Однако высокомерный инвалид, чья асимметричная моторика поломанного робота была сама по себе сложной актерской задачей, все не хотел проявлять необходимых Сереже Никонову чувств. Он никак не теплел, неприятная улыбка его, дергавшая все лицо на левую сторону, была такова, будто он пытался согнать со щеки муху. Все равно Сережа был усерден, он перенимал походку инвалида, шаг в шаг, забегал и сбоку, и сзади, и спереди, снимал на смартфон подробное видео, каждый миг опасаясь, что вот сейчас злобный прототип хватит его поперек драгоценного актерского лица своей тяжелой, тусклой тростью. Старательно прихрамывая и пошатываясь, актер, тем не менее, чувствовал, что в походке инвалида есть какой-то пунктирный секрет, который ему не дается.
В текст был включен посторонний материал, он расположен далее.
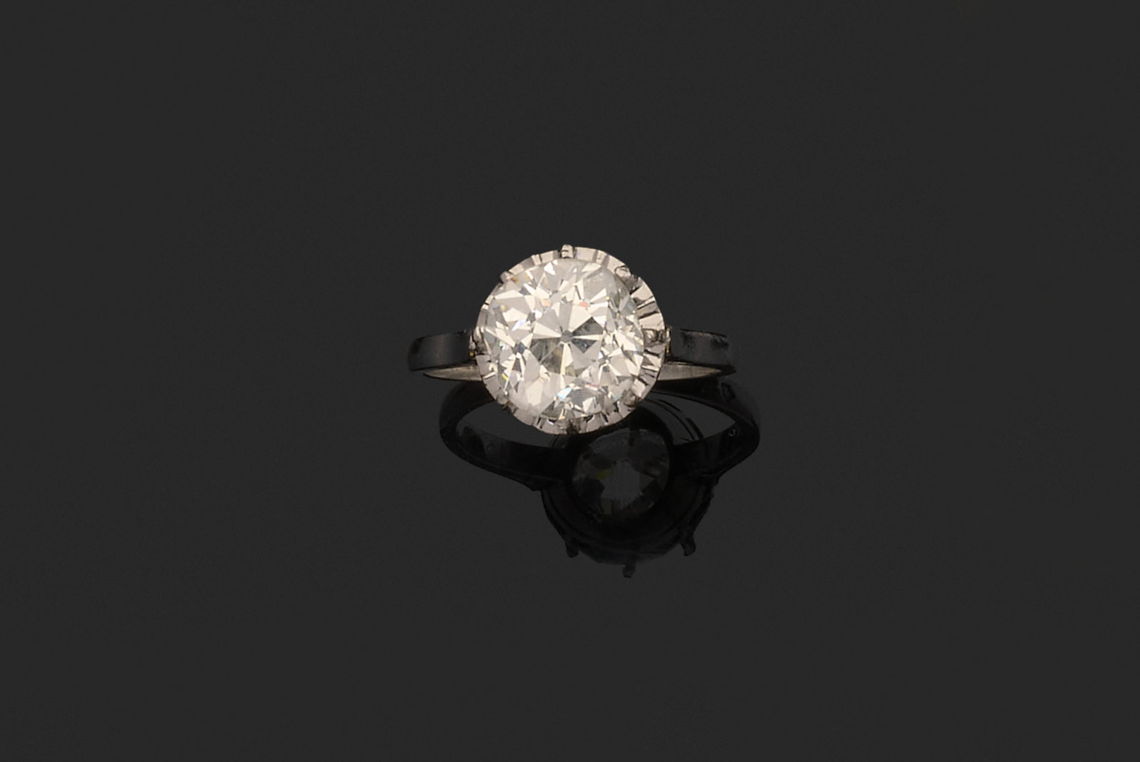 Platine 850 millièmes, ornée au centre d'un diamant rond de taille ancienne pesant 3,16 cts.

Что-то было зашифровано в этих спотычках и закорючках, словно Сережа воспроизводил одни согласные походки прототипа, а были еще и гласные, емкие, свободные — моменты как бы невесомости, когда инвалид, перевалив через трость, не сразу касался протезами земли. Эта загадка, несомненно, была связана с полетом на восемь метров, однако господин Ведерников, сжав сухой рот, только щурился на актера и ничего не разъяснял.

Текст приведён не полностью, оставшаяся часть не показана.